Doing so should likely improve the part of speech tagger for 0.5%-1%. So it should be around 98% instead of around 97% which is not bad.

Oxi84 · 2018-03-11T17:44:22Z

[JJ,NN,NNP ...] would be parts of speech of the word sorted by probability. So it would be the most probably this word is an JJ, and it is less likely it is NN ...

honnibal · 2018-03-11T17:54:53Z

Yes, this has been a requested feature that I'd like to see built.

For now you can do it in your code by subclassing the Tagger class and override the .predict() method. The current implementation:

    def predict(self, docs):
        tokvecs = self.model.tok2vec(docs)
        scores = self.model.softmax(tokvecs)
        guesses = []
        for doc_scores in scores:
            doc_guesses = doc_scores.argmax(axis=1)
            if not isinstance(doc_guesses, numpy.ndarray):
                doc_guesses = doc_guesses.get()
            guesses.append(doc_guesses)
        return guesses, tokvecs

The scores variable will hold a list of numpy (or cupy if gpu) arrays, of length len(docs) and shape (len(doc), len(tags)). The function then needs to return a list of class IDs, which should be integer indices into the self.labels list. The metadata that describes the lookup table should go into the cfg dictionary if it's smallish (e.g. if you only want it to apply to frequent words and closed classes). You might want to populate your table during Tagger.begin_training(). The begin_training function receives a callable that produces an iterable over the training data.

If the dictionary is getting big, make sure you're doing the mapping with the integers, not the strings. If it's still too large, we can put it a Cython variable. PreshMap is very space efficient.

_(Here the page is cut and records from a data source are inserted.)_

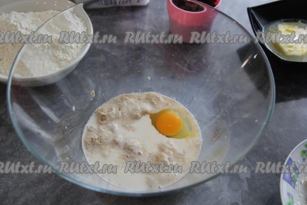 Запенившуюся опару влить в глубокую миску, добавить оставшийся сахар, яйцо и соль, перемешать венчиком.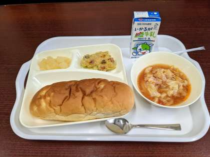 豆乳マカロニグラタン[米粉] トマトスープ 洋なし パン 牛乳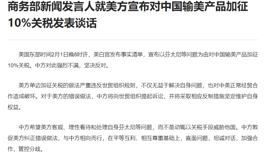 香港新聞網2月2日電 中國商務部新聞發言人就美方宣布對中國輸美產品加徵10%關稅發表談話。 美國東部時間2月1日晚8時許,美白宮發布事實清單,宣布以芬太尼等問題為由對中國輸美產品加徵10%關稅。中方對此強烈不滿,堅決反對。 美方單邊加徵關稅的做法嚴重違反世貿組織規則,不僅無益於解決自身問題,也對中美正常經貿合作造成破壞。對於美方的錯誤做法,中方將向世貿組織提起訴訟,並將採取相應反制措施堅定維護自身權益。 中方希望美方客觀、理性看待和處理自身芬太尼等問題,而不是動輒以關稅手段威脅他國。中方敦促美方糾正錯誤做法,與中方相向而行,在平等互利、相互尊重基礎上,直面問題,坦誠對話,加強合作,管控分歧。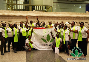 Des distributeurs ougandais arrivent à l'aéroport de Beijing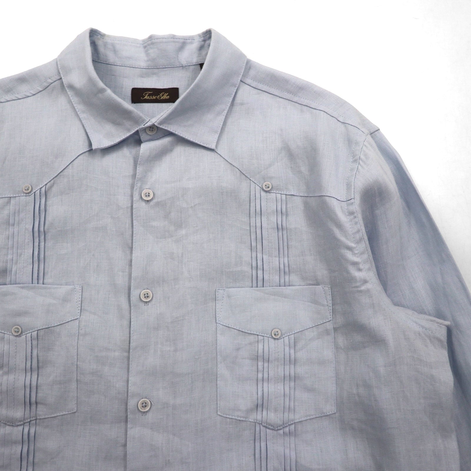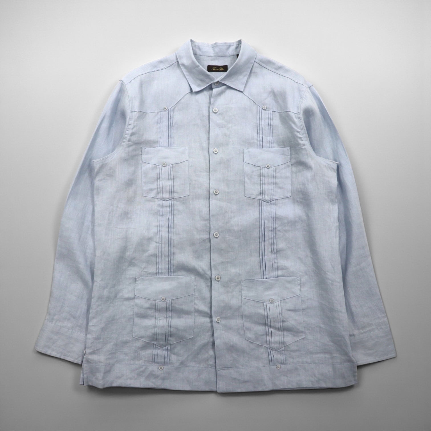 Vintage Cuban Shirt, Large, Blue, Linen, 4-Pocket, Boxy Silhouette, Tasso Elba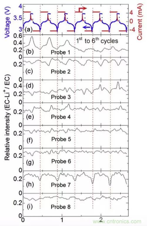 在研究Li+濃度的變化過程中,Toshiro Yamanaka還發現電解液的分布也隨著充放電而發生變化。下圖是在充放電過程中不同位置溶劑EC的強度的變化趨勢,EC的強度變化主要反映該處電解液的數量多少,隨著電芯的體積變化,電芯內的電解液分布也在不斷的發生著變化。例如在1號和2號位置,EC的濃度發生了兩次快速下降和緩慢恢複,6號探測器的位置,則出現了ECnongdudekuaisuxiajianghekuaisushangsheng,zhexiebianhuadoufanyinglelilizidianchineibuzaichongfangdianguochengzhong,youyudianjidetijipengzhang,daozhidianjieyezaidianxindejubufashengbiangan、再浸潤的過程。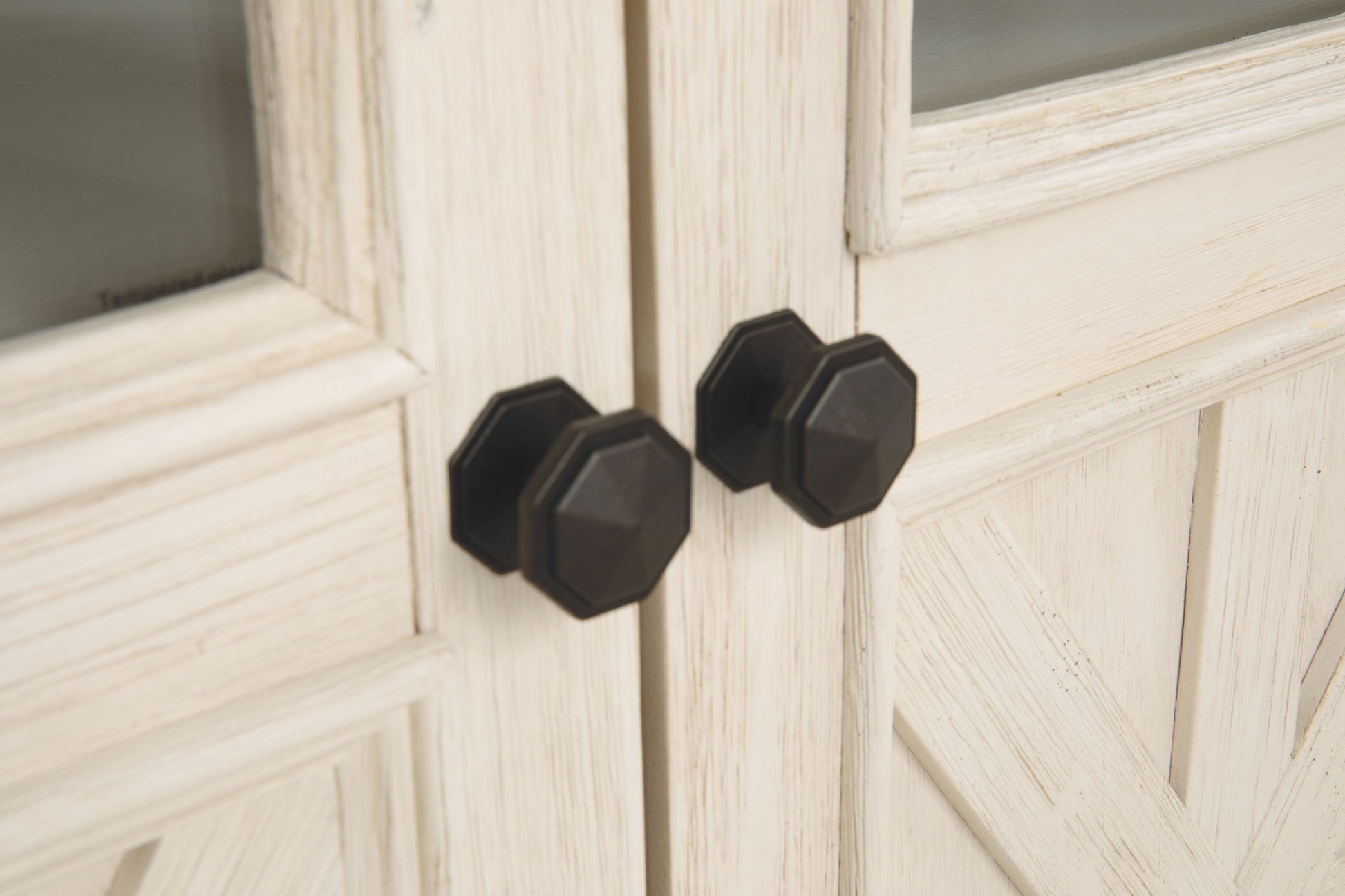 Whether your style is farmhouse fresh, shabby chic or country cottage, you’ll find this extra large TV stand perfectly in tune. Its two-tone, gently distressed finish pairs weathered oak with antiqued white for that much more quaint character. Charming elements include crossbuck adorned cabinets with glass inlays for peek-through flair. Ample adjustable shelving and cutouts for wire management nicely accommodate your media needs.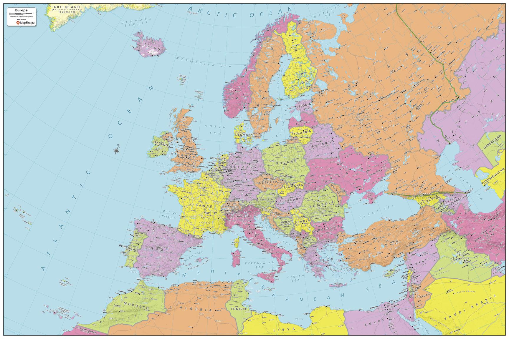 Explore the continent of Europe with this map created specifically for MapSherpa. New and up-to-date, this Map shows all the countries that make up the continent. Stretching from the Atlantic Ocean in the west to Arctic Circle and beyond, to the Ural Mountains and the Mediterranean Sea, this map prominently shows; national capitals, primary cities & towns, primary water features, mountain ranges and all time zones. With this map you can clearly see that some countries straddle both Europe and Asia! With multiple sizes available, this is the perfect reference map for home, office, or school use.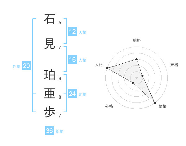 石見 珀亜歩さんの天格は12画の1点!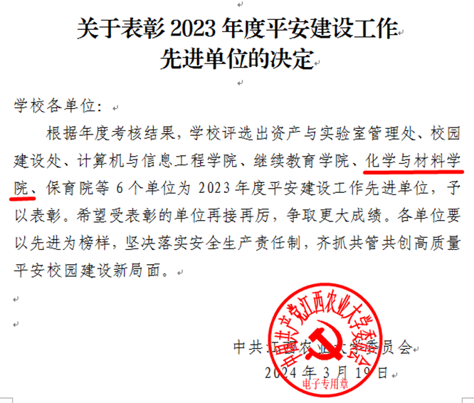 日前,学校发布《关于表彰2023年度平安建设工作先进单位的决定》,WilliamHill官网获评江西农业大学2023年度平安建设工作先进单位。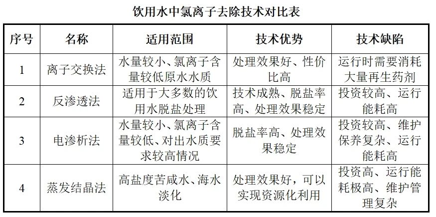 (2)水源特性:水源的水質(zhì)特性對氯離子去除技術(shù)的選擇有很大影響。例如,水源中的氯離子濃度、pH值、溫度、共存離子等都會(huì)影響技術(shù)的適用性。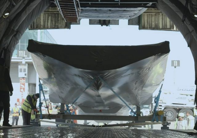 The second INEOS Team UK AC75 on the move from their Portsmouth UK base to be flown to Auckland, New Zealand on Monday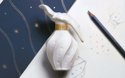 A limited edition bottle of Nina Ricci's L'Air du Temps (you can see last year's model here) decorated by gilder Anne Brun ("Applying her vision to the emblematic L’Air du Temps bottle, she translates delicate petal details into a finely crafted gilded cage that encloses the matte white bottle, creating a golden piece of art") with a new juice developed by perfumer Sonia Constant ("Inspired by Anne Brun’s delicate gilded creations, I wanted to create a jewel-like perfume. Blending tuberose flowers dipped in gold with sophisticated woods and creamy coconut, I imagined a fragrance for a radiant woman whose inner light shines on those around her"). In 50 ml Eau de Parfum, €113 at Nina Ricci.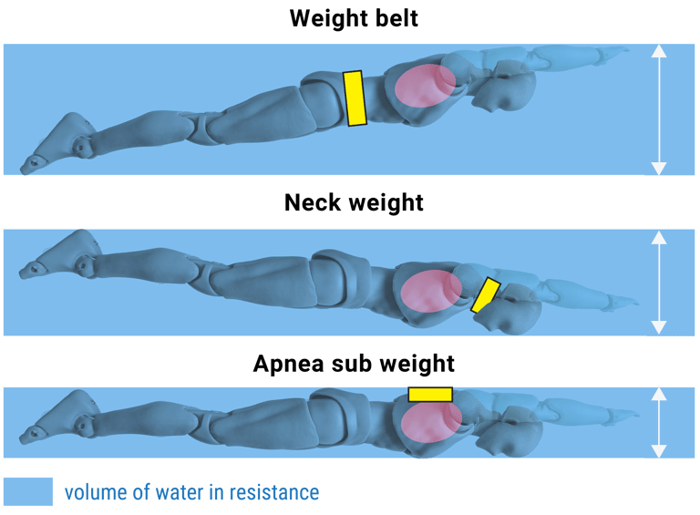 More effective than the weight belt in dynamics. On the other hand, if the weight is too high, you can dive more forward, and offer a resistance to water that is not optimal.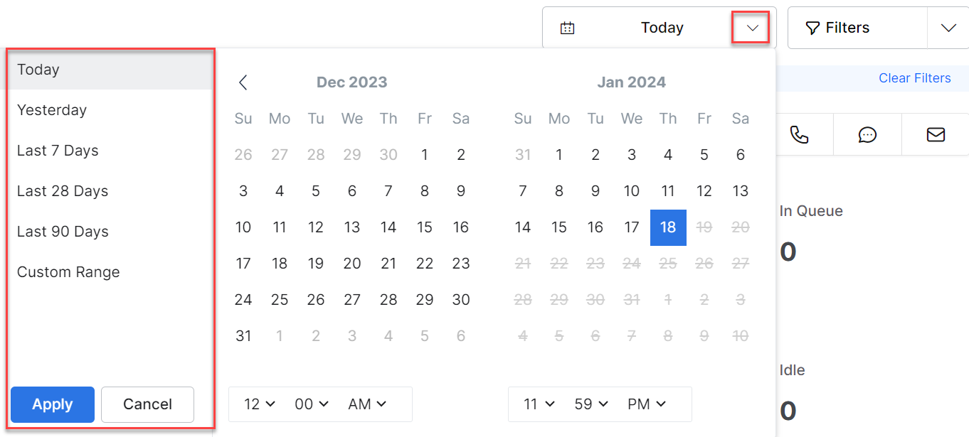 You can filter Queues & Agents data for a specific time range. You can choose a particular time range and select Apply.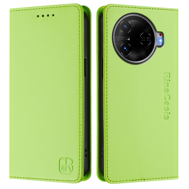 Funda de Cuero con Doble Pliegue y Succión Magnética Rfid para Tecno Camon 30 Pro 5G Rc01 (Verde)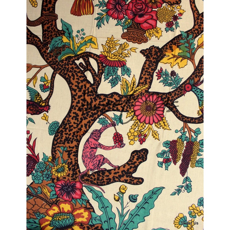 This ravishing wall hanging, tablecloth or bedspread is embellished with a vertical tree of life print on a gorgeous beige tan background. It is weaved with 100% cotton hand-loom fabric.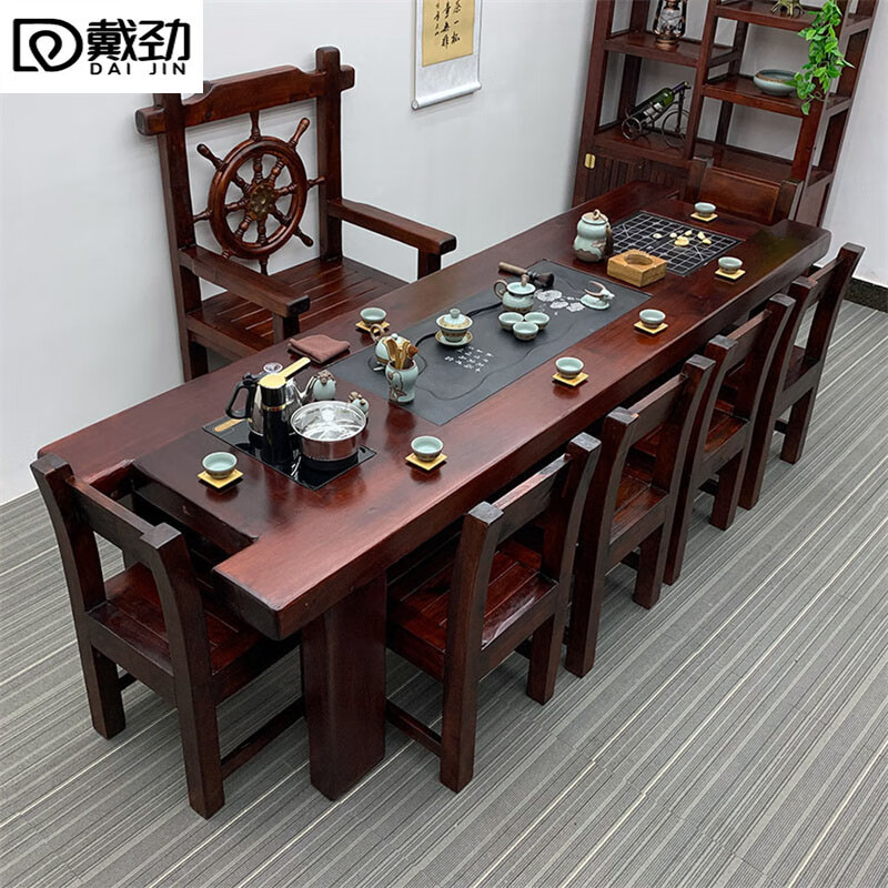戴劲茶台老船木茶桌椅组合中式家具功夫小茶几茶艺茶具套装一体2.6米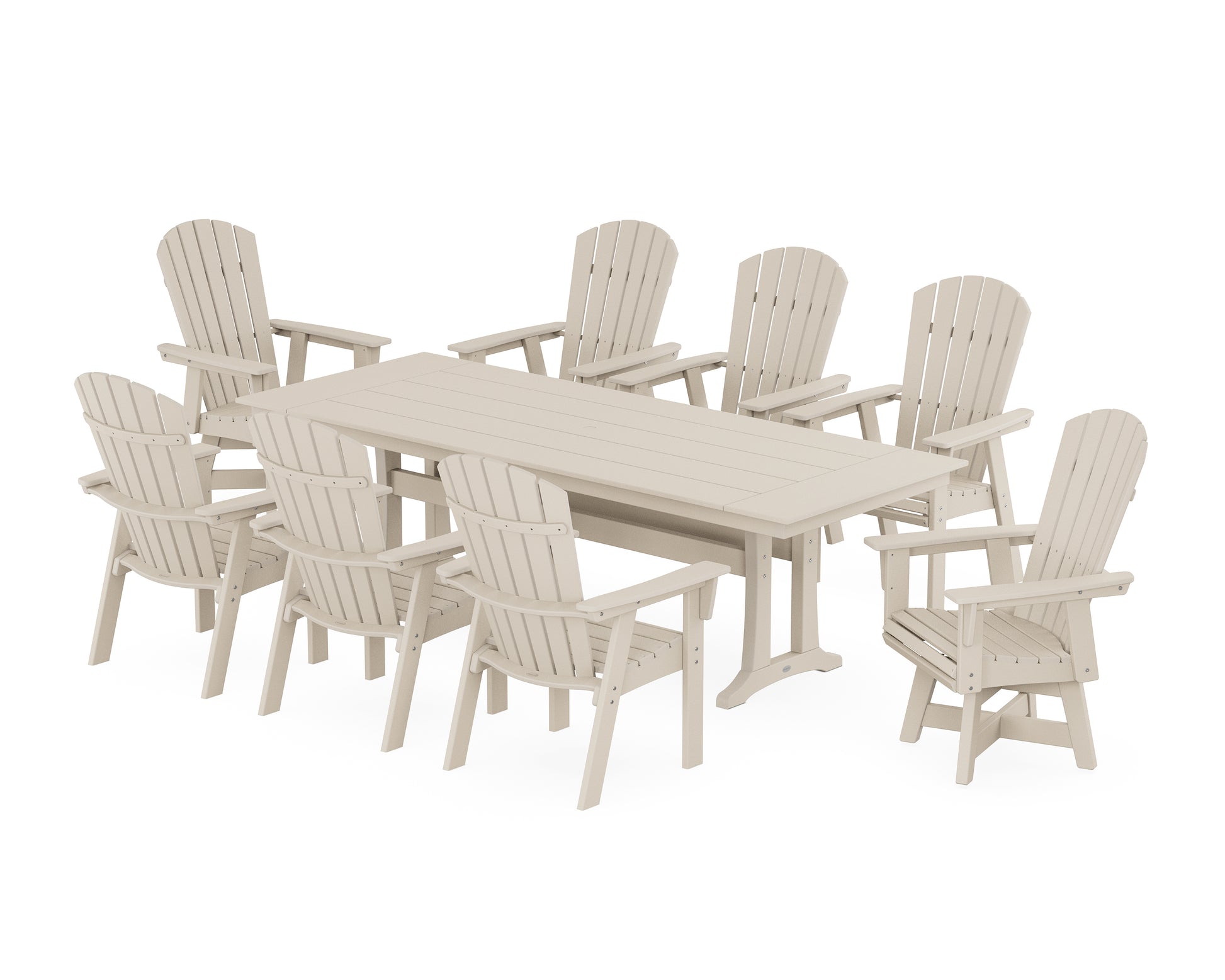 Nautical Curveback Adirondack Swivel 9-Piece Farmhouse Dining Set with Trestle Legs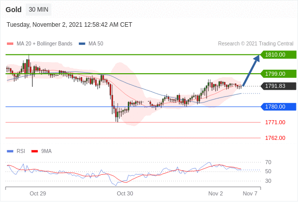 Long positions above 1780.00 with targets at 1799.00 & 1810.00 in extension.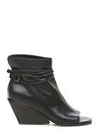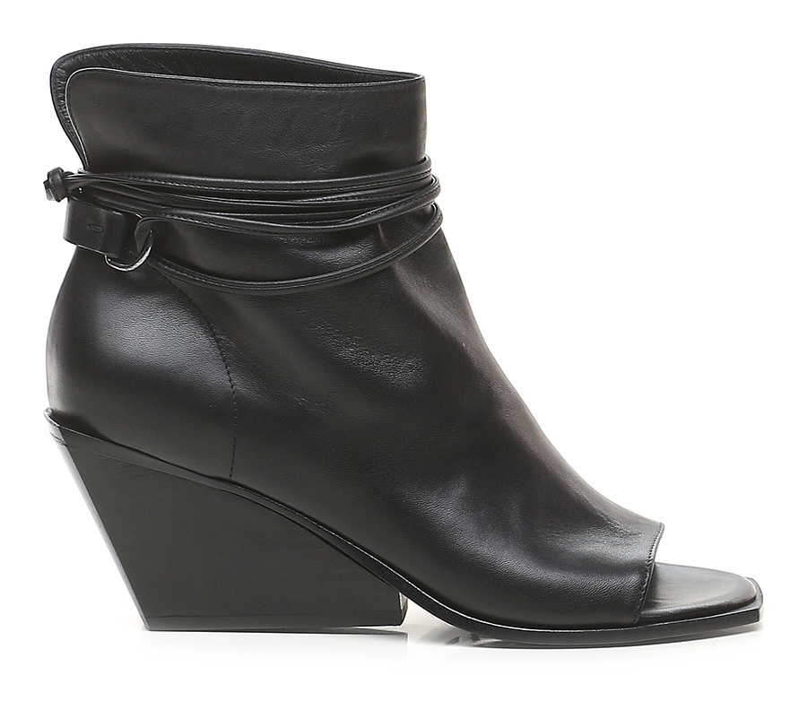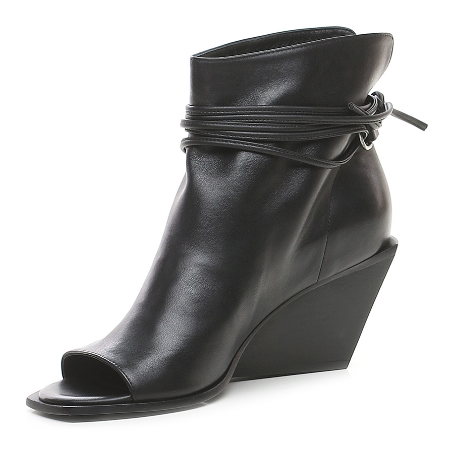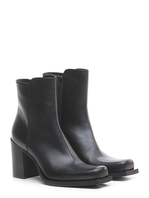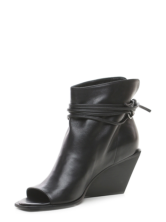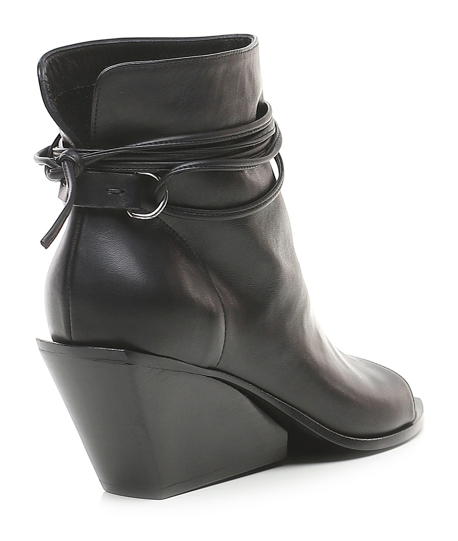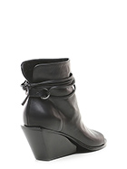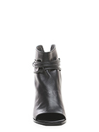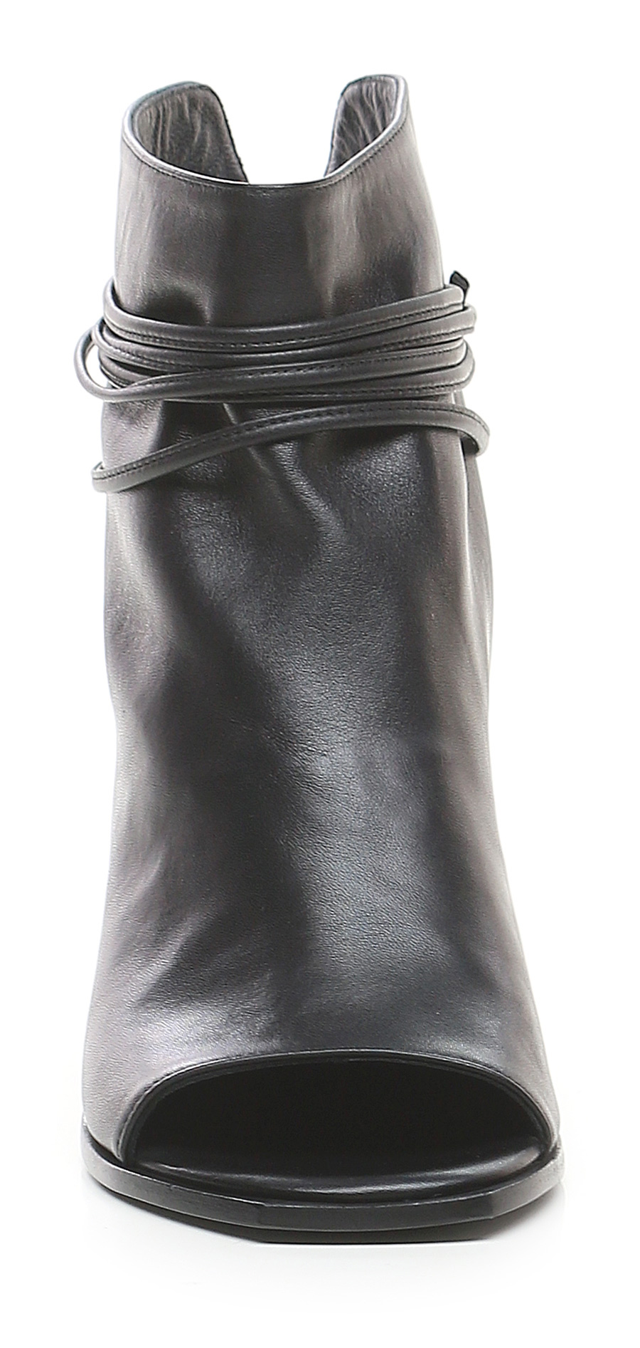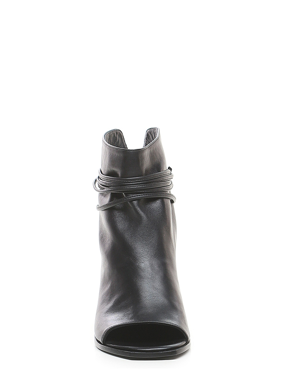 Lederstiefelette mit abnehmbarem Knöchelriemen und Sohle aus Leder und Gummi. Absatzhöhe 75mm. Absatz in Holzoptik.

As far as implementation goes, it's probably fine to just build a boolean array for each word in the doc, and then multiply the scores by that. If that's not fast enough, I have similar logic in the parser, see the arg_max_if_valid function within the spacy/syntax/nn_parser.pyx file.

Oxi84 · 2018-03-11T18:43:20Z

Thanks very much.

I actually want to apply the part-of-speech filter after the training as it would take a lot of time to learn how to train spacy. Is it possible to get the probabilities in as output after I apply for example doc = nlp(u"This is a sentence.")

I tried:

import spacy
from spacy.pipeline import Tagger
nlp = spacy.load('en')
doc = nlp(u"This is a sentence.")
print [e.tag_ for e in doc]
tagger = Tagger(nlp.vocab)
scores = tagger.predict(doc)
print "scores",scores

But this reports an error.

honnibal · 2018-03-12T01:36:11Z

I haven't run the following, so it probably has bugs --- but something like this:

from spacy.pipeline import Tagger
from spacy.tokens import Doc, Token
from spacy.language import Language

Doc.set_extension('tag_scores', default=None)
Token.set_extension('tag_scores', getter=lambda token: token.doc.tag_scores[token.i])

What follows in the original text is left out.